Labour gain in low turn-out poll

The County Council election in Luton on Tuesday was a very unexciting affair, wrote The Luton News, of Thursday March 6th, 1919. The weather conditions may have had something to do with it, or it may have been wholly the indifference of the electors, of whom only about 15 per cent went to the polling booths.

As the Labour Party had found candidates to contest six of the nine Luton divisions a keener interest might certainly have been expected. But somehow County Council elections never do excite a very great amount of feeling locally.
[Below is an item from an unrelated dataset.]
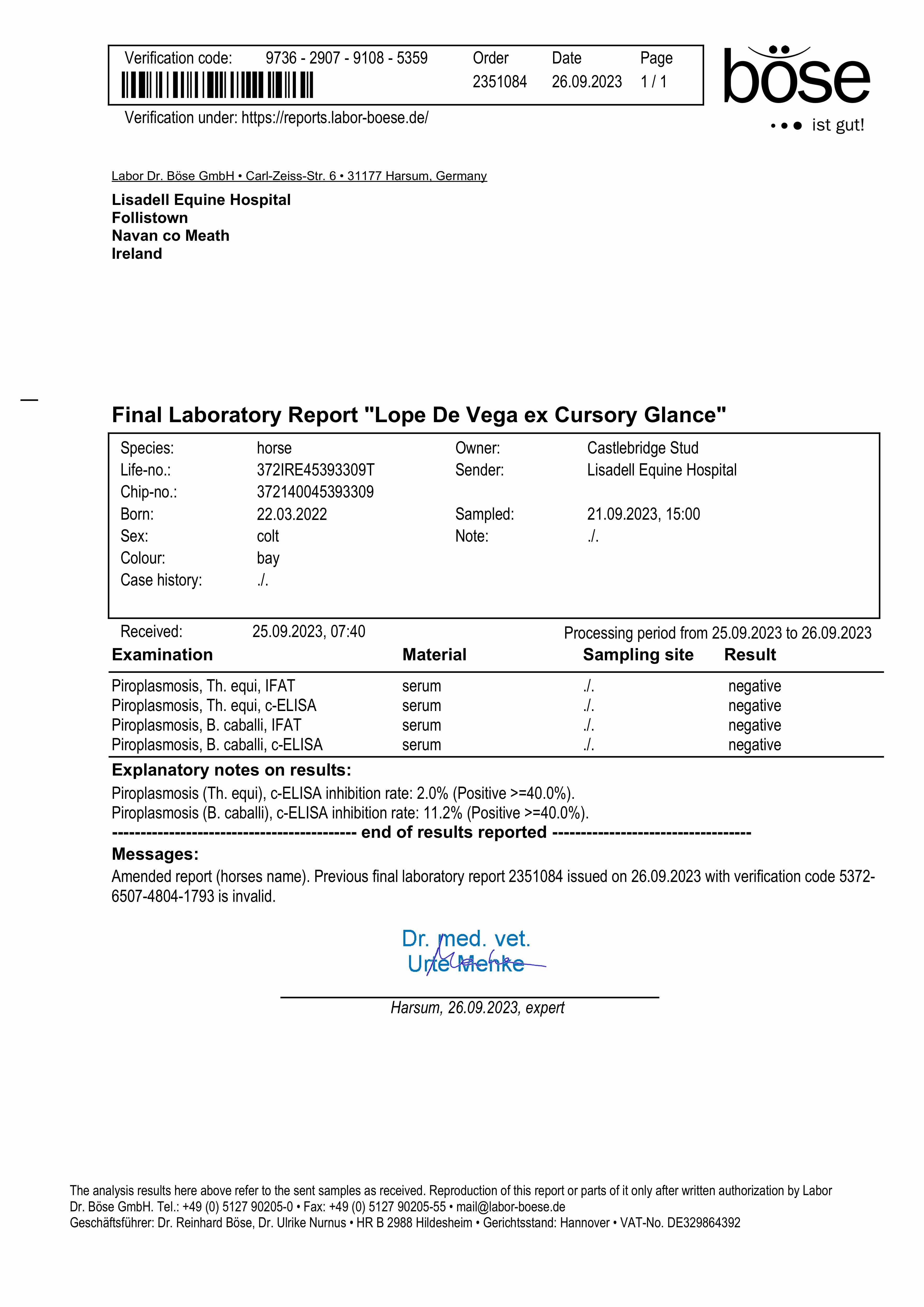 Lope de Vega (IRE) / Cursory Glance (USA) B.C. (IRE)

Of their six nominees, the Labour Party had the pleasure of hearing one declared elected. Dr John Birch has ousted Mr W, R, Phillips JP, getting a majority of over 100 in a total vote of less than 250. It was only in Division 9, where Mr Willet Ball, having failed to secure a seat in a more august assembly, sought to get authority to have a voice in the affairs of the county, that there was anything like a moderately heavy poll. In that division nearly a thousand electors went and made their mark. The other end of the scale was in Division 3, whither the total number of votes cast was only 154.

The results of the nine Luton divisions were:

Division 1 (North Ward): Thomas Keens (Lib), unopposed.
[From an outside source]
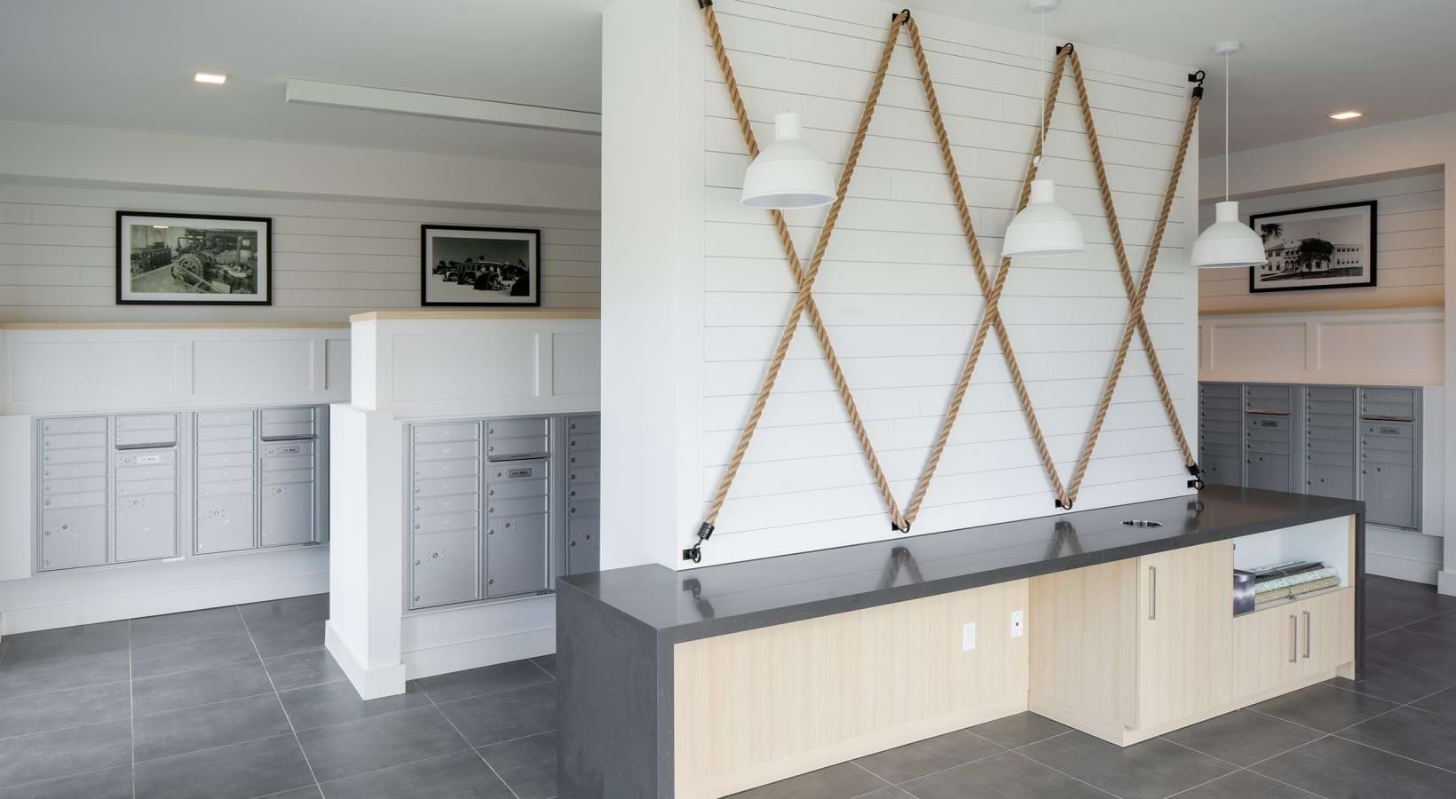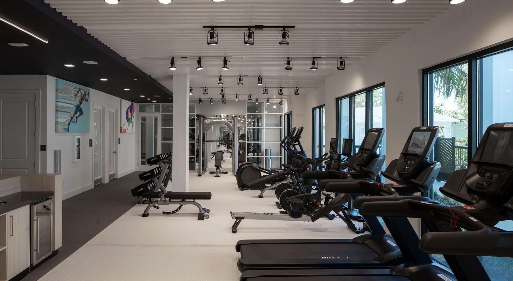 • a room with exercise equipment and a counter

Division 2 (North Ward): Milner Gray (Lib), 350; Mrs Alice Maude Slatter, 83.

Division 3 (North Ward): Stewart Butler Hubbard (Unionist) 116; Hedley Burgoyne (Lab), 38.
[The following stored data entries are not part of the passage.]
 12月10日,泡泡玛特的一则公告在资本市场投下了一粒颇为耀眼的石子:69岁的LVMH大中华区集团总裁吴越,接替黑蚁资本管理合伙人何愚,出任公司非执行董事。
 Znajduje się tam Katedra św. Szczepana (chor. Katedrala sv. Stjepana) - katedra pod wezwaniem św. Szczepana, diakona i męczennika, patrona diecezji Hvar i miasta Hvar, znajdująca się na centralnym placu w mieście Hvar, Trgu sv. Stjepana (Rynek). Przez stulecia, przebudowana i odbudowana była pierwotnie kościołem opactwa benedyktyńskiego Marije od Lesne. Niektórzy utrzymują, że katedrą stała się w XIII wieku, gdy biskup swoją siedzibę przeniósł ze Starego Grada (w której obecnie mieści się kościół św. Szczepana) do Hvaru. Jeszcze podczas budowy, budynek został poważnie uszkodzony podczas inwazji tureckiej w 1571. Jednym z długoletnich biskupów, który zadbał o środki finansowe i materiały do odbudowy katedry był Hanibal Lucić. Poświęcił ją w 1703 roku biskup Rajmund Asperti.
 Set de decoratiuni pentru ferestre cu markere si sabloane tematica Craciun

Division 4 (East Ward): Hugh Cumberland (Unionist), 173; Walter Buckwood (Lab), 103

Division 5 (East Ward): Dr John Birch (Lab), 177; William Richards Phillips (Unionist), 67.

Division 6 (East Ward): Henry Impey (Lib), 282; William James Mair (Lab), 124.

Division 7 (West Ward): Charles Dillingham, (Lib), unopposed.

Division 8 (West Ward): Albert Alexander Gibbs (Lib), unopposed.

Division 9 (West Ward): Harry Arnold (Lib), 574; Willet Ball (Lab) 411.

The counting took place in the Assembly Hall at the Town Hall. In case the crowd outside should be at all unruly, about a dozen special constables donned their uniform once more and reinforced the regular police. But as the crowd, at a liberal estimate, only numbered about 100, they did not have a very strenuous time.

The results were declared by the Town Clerk. In the six Luton wards which were contested, 15,740 people were entitled to vote, but only 2,198 cast votes – between 15 and 16 per cent. The highest proportion was in Division 6, where the percentage was just over 21, and the lowest in Division 3, where it was only just over nine per cent.